▸ **Record set**:
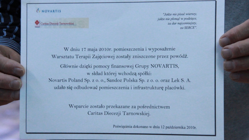 12 października odbędzie się poświęcenie odnowionych warsztatów. Przybędą na nie przedstawiciele firmy Novartis oraz szef tarnowskiego oddziału Caritas.
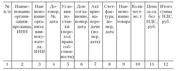 Как показано в табл. 7.6, основные документы, необходимые для построения товарного баланса и мониторинга цен реализации, следующие:
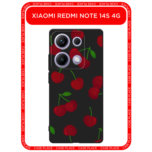 Черный матовый чехол на Xiaomi Redmi Note 14S 4G / Редми Нот 14S 4G с принтом Вишни паттерн 2
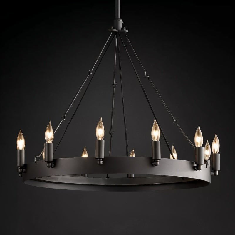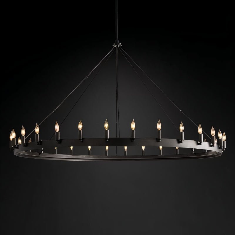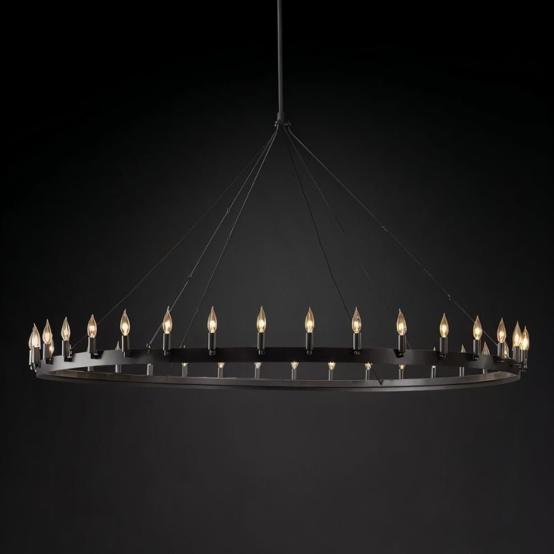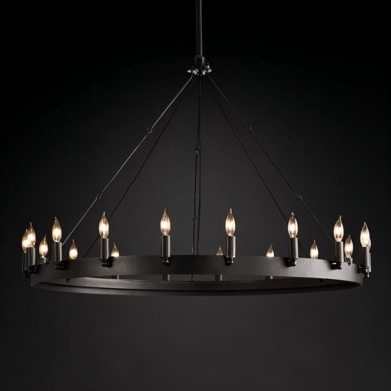 The Phlox Chandelier is constructed from strong-angle iron, which combines both durability and elegance. For optimal installation, we recommend using a professional installer to ensure safety and proper setup.
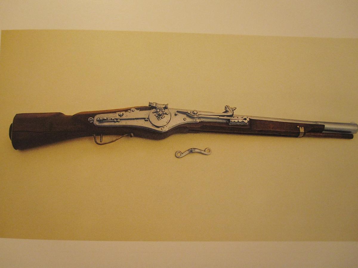 Continuamos con los elementos de puntería, con un alza tubular o de "tunel" que actua como un diopter y que permite colimar con el punto de mira. Sin duda este dispositivo, común a partir de entonces, es un mecanismo avanzado para la época y da una idea de la precisión que se pudo conseguir con este tipo de arma.
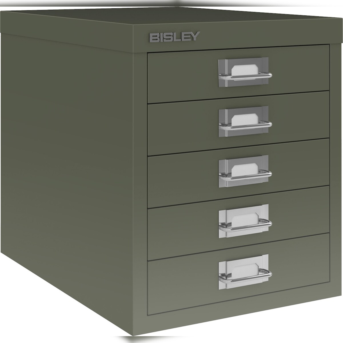 BISLEY Schubladenschrank aus Metall für DIN A4 in olivgrün Schrank mit 5 Schubladen Büroschrank Werkzeugschrank - B-L125-623

▸ **To do**: Skip the pictures and quote each line of the entries above, from the first through the line with "Как показано в", exactly as it appears.

▸ **Solution to this problem**:
 12 października odbędzie się poświęcenie odnowionych warsztatów. Przybędą na nie przedstawiciele firmy Novartis oraz szef tarnowskiego oddziału Caritas.
 Как показано в табл. 7.6, основные документы, необходимые для построения товарного баланса и мониторинга цен реализации, следующие:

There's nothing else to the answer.